In Guadalajara, hundreds of women called for justice with an antigrita as they marched through the city streets on Wednesday afternoon.

As they passed the metropolitan cathedral the women chanted, “Remove your doctrine from our vaginas, get your rosaries off our ovaries,” according to a report by the newspaper La Jornada.

In Cuernavaca, Morelos, members of several feminist collectives protested at the state Attorney General’s Office where they declared that they were fed up with the violence women face in the state and the country as a whole.

Women at the antigrita in Mexico City this week.
Women at the antigrita in Mexico City this week.

They said they had nothing to celebrate despite it being Independence Day, saying they were all victims of successive bad governments.

“We’re tired of government authorities not assuming their responsibility [and] being incapable of guaranteeing our security,” the women said.

Members of women’s collectives in Tijuana, Baja California, also said that they had nothing to celebrate as they gathered outside a cultural center on Tuesday night. The women graffitied part of the spherical Tijuana Cultural Center and its forecourt with messages that denounced gender violence and the government.

In Tamaulipas, women protested in Ciudad Victoria and Reynosa on Tuesday because they were not consulted about a new law that sets harsher penalties for cyber-harassment and the online dissemination of intimate photographs. They argued that the law doesn’t do enough to protect women from online abuse.

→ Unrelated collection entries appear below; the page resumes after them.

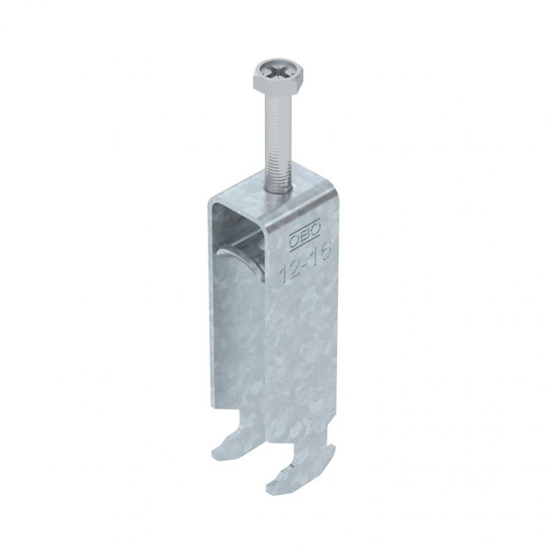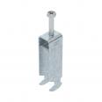Bügelschelle mit Hammerkopf-Fuß, Metalldruckwanne mit gerundeten Kanten für Kabelschutz. Zur vertikalen und horizontalen Montage von 3 Einzelkabeln an C-Profilschiene. Für Schlitzweite 16 - 17 mm. Mit 1-gängiger Schraube an Druckwanne, universeller Sechskant-Schraubenkopf SW10, mit Schlitz und Kreuzschlitz. Geeignet für Montage im Innen- und Außenbereich. Mehrere Kabel sollten durch Doppelwannen getrennt werden. Der Einsatz einer Gegenwanne wird empfohlen.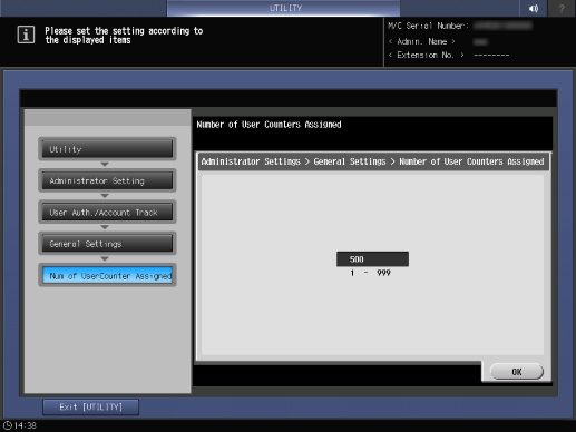 Screen access | Control panel - Utility/Counter - [Administrator Setting] - [User Auth./Account Track] - [General Settings] - [Number of User Counters Assigned] | ||
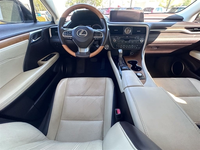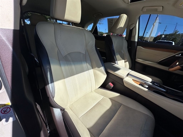 This 2018 Lexus RX 350 in comes with the following features: 3.5L V6 DOHC 24V 8-Speed Automatic FWD ***Manager Special - PRICE NOT A MISPRINT - THIS MONTH ONLY!!*, *Blind Spot Technology - Never Worry When Changing Lanes Again*, *Bluetooth Hands-Free Calling*, *Push Button Start*, and *We Deliver Anywhere* Parchment w/Leather Seat Trim, 9 Speakers, Air Conditioning, Alloy wheels, Auto High-beam Headlights, Auto-dimming Rear-View mirror, Automatic temperature control, Backup Monitor, CD player, Compass, Delay-off headlights, Distance pacing cruise control: All-Speed Dynamic Radar Cruise Control, Driver vanity mirror, Dual front impact airbags, Dual front side impact airbags, Exterior Parking Camera Rear, Front dual zone A/C, Front fog lights, Fully automatic headlights, Garage door transmitter: HomeLink, Heated door mirrors, Illuminated entry, Knee airbag, Low tire pressure warning, Occupant sensing airbag, Outside temperature display, Overhead airbag, Overhead console, Panic alarm, Power door mirrors, Power Liftgate, Power passenger seat, Radio: AM/FM/CD Lexus Display Audio, Rain sensing wipers, Rear side impact airbag, Rear window wiper, Remote keyless entry, Security system, Steering wheel mounted audio controls, Tachometer, Telescoping steering wheel, Tilt steering wheel, Trip computer, and Variably intermittent wipers Parchment w/Leather Seat Trim, 9 Speakers, Air Conditioning, Alloy wheels, Auto High-beam Headlights, Auto-dimming Rear-View mirror, Automatic temperature control, Backup Monitor, CD player, Compass, Delay-off headlights, Distance pacing cruise control: All-Speed Dynamic Radar Cruise Control, Driver vanity mirror, Dual front impact airbags, Dual front side impact airbags, Exterior Parking Camera Rear, Front dual zone A/C, Front fog lights, Fully automatic headlights, Garage door transmitter: HomeLink, Heated door mirrors, Illuminated entry, Knee airbag, Low tire pressure warning, Occupant sensing airbag, Outside temperature display, Overhead airbag, Overhead console, Panic alarm, Power door mirrors, Power Liftgate, Power passenger seat, Radio: AM/FM/CD Lexus Display Audio, Rain sensing wipers, Rear side impact airbag, Rear window wiper, Remote keyless entry, Security system, Steering wheel mounted audio controls, Tachometer, Telescoping steering wheel, Tilt steering wheel, Trip computer, Variably intermittent wipers, 3.329 Axle Ratio, 4-Wheel Disc Brakes, ABS brakes, AM/FM radio: SiriusXM, Anti-whiplash front head restraints, Brake assist, Bumpers: body-color, Driver door bin, Electronic Stability Control, Four wheel independent suspension, Front anti-roll bar, Front Bucket Seats, Front Center Armrest, Front reading lights, Leather Shift Knob, Leather steering wheel, Passenger door bin, Passe

The protests over the past two days came as activists in Mexico City continue to occupy the headquarters of the National Human Rights Commission (CNDH) in the capital’s downtown. The Ni Una Menos (Not One Woman Less) Collective took over the building two weeks ago and converted it into a shelter for victims of gender-based violence.

Monday’s antigrita event, attended by at least 300 protesters, was held outside the CNDH headquarters, located a few blocks from Mexico City’s central square.

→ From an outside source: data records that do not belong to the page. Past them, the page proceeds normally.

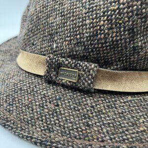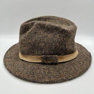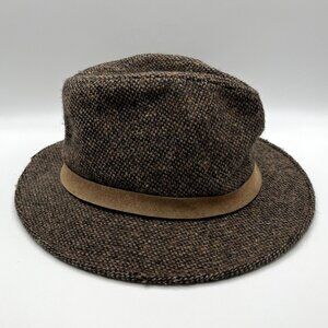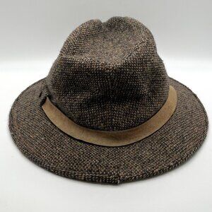 Classic vintage McGregor fedora-style hat featuring a brown speckled wool tweed body with subtle flecks of color, a soft faux-suede tan hat band, and a wide brim.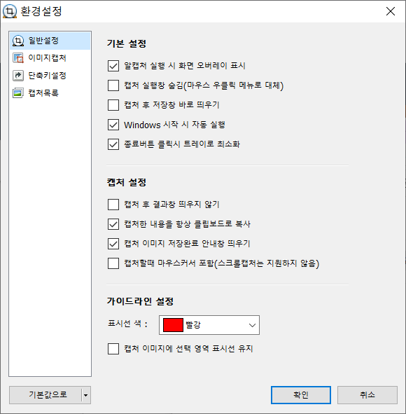 알캡쳐의 환경설정을 열어보았습니다. 기본 설정과 캡쳐 설정이 세밀하게 조정할 수 있고, 표시선 색을 원하는 데로 바꿀 수 있게 되어 있어 사용자 친화적인 모습을 보여줍니다.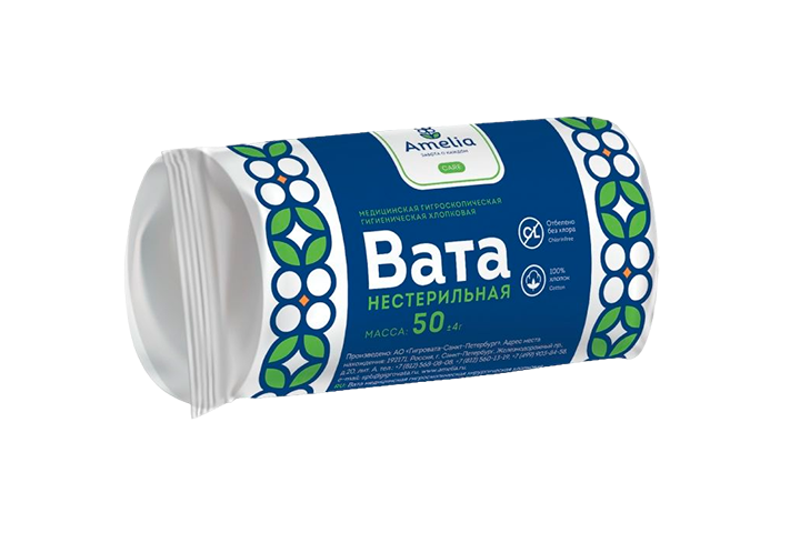 Вата Amelia медицинская хирургическая нестерильная 50 г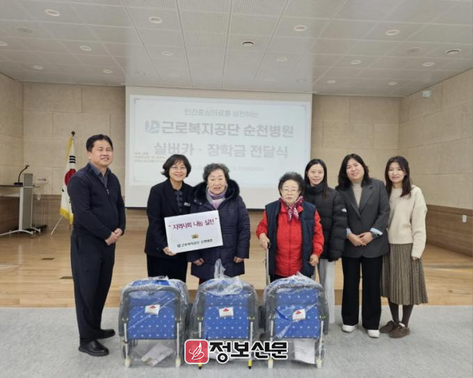 ![]() 근로복지공단 순천병원, 왕조1동에 실버카·장학금 기탁 |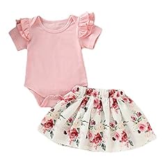 Infant Baby Mädchen Kleidung Set Kurzarm Rundhals Rose Print Strampler Rüschen Plissee Solid Color Rock Outfit Set 2 Stücke für 0-18 Monate (0-3 Monate, Rosa 2)
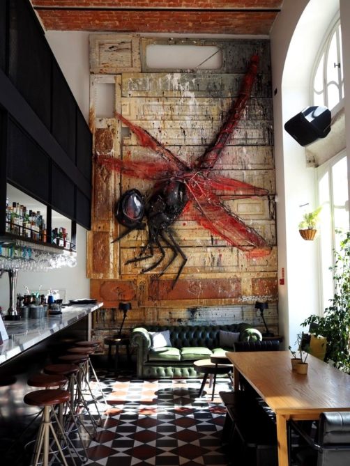 Mais venons-en au plus important : l’hôtel ! Situé dans un sublime bâtiment Art Nouveau superbement rénové et datant de 1908, comme son nom l’indique, le 1908 Lisboa Hotel est un nouvel hôtel 4 étoiles conçu par l’architecte Adães Bermudes. L’art contemporain est au cœur de la décoration intérieure de l’endroit, et on y retrouve notamment deux œuvres du street artist portugais le plus connu, Bordalo II, qui crée des sculptures d’animaux à partir de déchets.
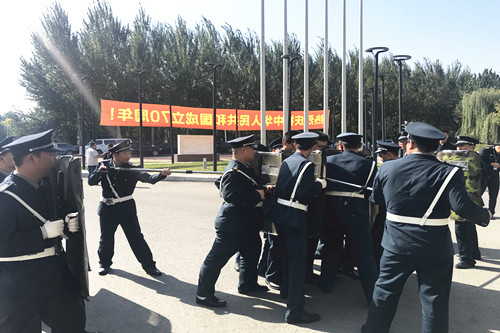 本次培訓(xùn)工作由集團(tuán)保安培訓(xùn)學(xué)校承擔(dān)。針對當(dāng)前迎接建國70周年大慶治安形勢和客戶單位安保工作要求,教官重點(diǎn)對保安員進(jìn)行了消防知識培訓(xùn)和防暴恐演練兩項培訓(xùn)。消防知識主要講解了消防四懂四會、消防器材使用、火災(zāi)隱患檢查排除、逃生自救等。防暴恐演練由教官導(dǎo)演,模擬暴恐現(xiàn)場,教授保安員如何及時發(fā)現(xiàn)、有效應(yīng)對暴恐突發(fā)事件,包括應(yīng)對方法、防暴隊型編排、防爆器械使用。使參訓(xùn)的全體保安員在有限的培訓(xùn)時間內(nèi),消防、防暴恐業(yè)務(wù)知識和實(shí)戰(zhàn)技能迅速得到加強(qiáng)和提升。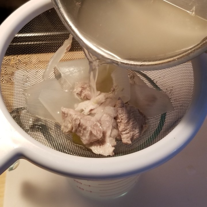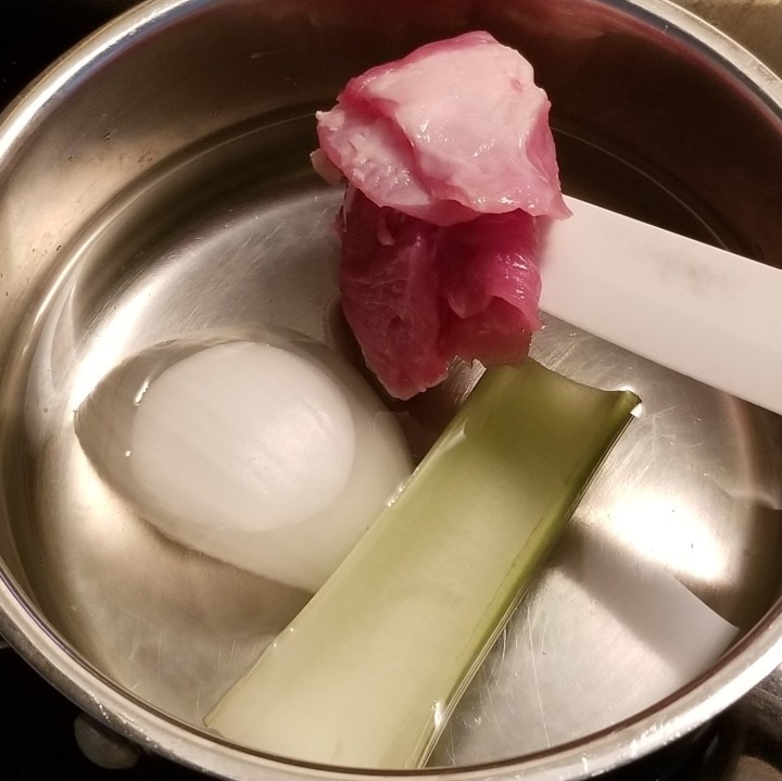Meanwhile, prepare broth: place reserved trimmed fat and meat in a small pot with water, celery and onion (photo below, left); bring to a boil over high heat, then reduce to a simmer and cook, covered, until meat is tender (approximately 45 minutes.) Strain through a mesh (photo below, right):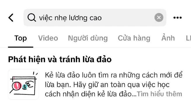 Gửi cảnh báo, tin nhắn và email hướng dẫn an toàn đến hàng triệu người dùng TikTok tại Việt Nam. Hiển thị cảnh báo trực tiếp khi người dùng tìm kiếm các từ khóa liên quan đến lừa đảo trên nền tảng TikTok.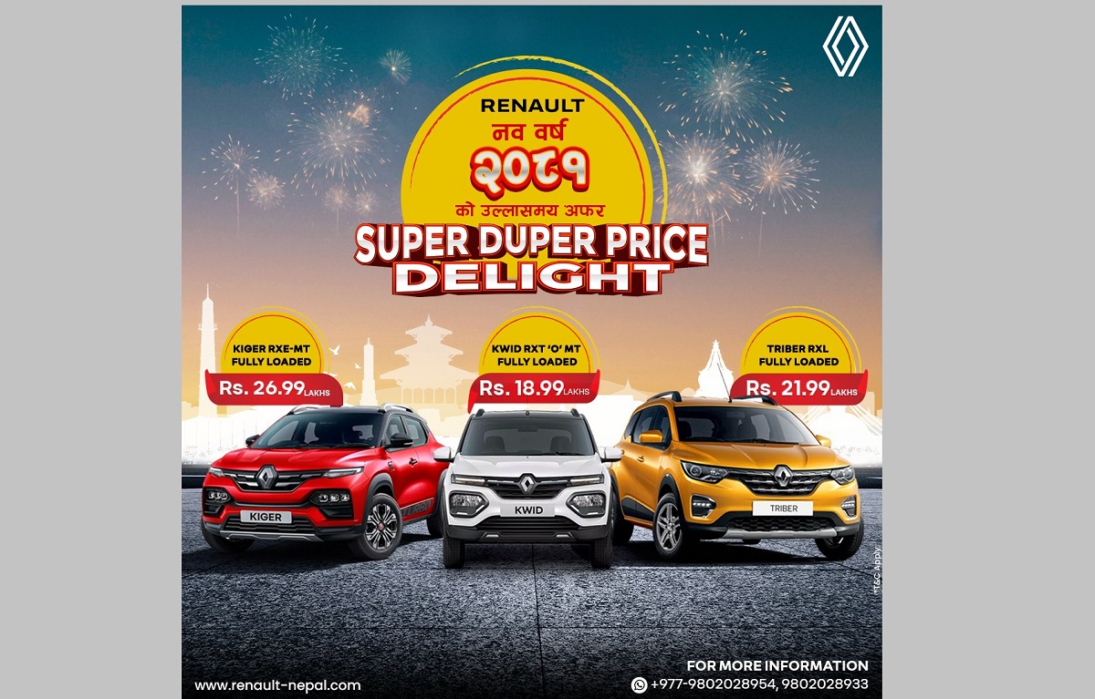 रेनो मोटर्सको नेपालका लागि आधिकारिक वितरक एडभान्सड अटोमोबाइल्सले 'सुपर डुपर प्राइस डिलाइट' अभियानको शुभारम्भ गरेको छ।

According to The Guardian newspaper, one woman whose daughter and sister have disappeared held up documents from their CNDH case files as she denounced the authorities’ lack of action against those responsible for the crimes.

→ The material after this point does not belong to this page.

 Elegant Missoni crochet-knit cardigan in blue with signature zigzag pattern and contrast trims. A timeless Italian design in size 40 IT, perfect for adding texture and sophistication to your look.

“I did this correctly,” she said of the effort she made to follow official protocols. “I sat here for hours and nothing happened,” she shouted before tearing the documents up and throwing them off the CNDH building’s second floor balcony. “The institutions can go to hell, because they don’t respect people’s human rights.”

About 10 women per day were killed in Mexico last year, while the murder of a 7-year-old girl earlier this year and the particularly brutal killing of a 25-year-old woman by her partner – as well as a newspaper’s publication of her mutilated body – triggered massive protests and Mexico’s first ever national women’s strike in March.

A lot of the anger then and now has focused on López Obrador, who has refused to acknowledge the full extent of the crisis.

In May he claimed that 90% of calls made by women to denounce domestic violence and seek help are false, and after the takeover of the CNDH building claimed without evidence that the activists have a partisan political agenda and are backed by “conservatives,” a byword the president uses for his political opponents.

López Obrador also criticized the activists for defacing portraits of erstwhile presidents that hung in the CNDH building, taking particular umbrage at the embellishment of revolutionary hero Francisco Madero’s likeness with lipstick and an anti-police message.

The mother of a 7-year-old girl who was unable to get authorities to investigate abuse against her daughter promptly hit back at the president with a response that went viral.

“The president was indignant about a portrait – but why wasn’t he indignant when my daughter was abused?” Erika Martínez asked.

Emboldened by the activists’ success in seizing control of the CNDH headquarters in Mexico City, a group of women last Thursday took over the offices of the México state Human Rights Commission in Ecatepec, a municipality that borders the capital that is notorious for violence against women and crime in general.

But in the early hours of Friday morning, police entered the building and “beat the women and children with them,” The Guardian said, before taking them in unmarked vehicles to a prosecutor’s office in another México state municipality.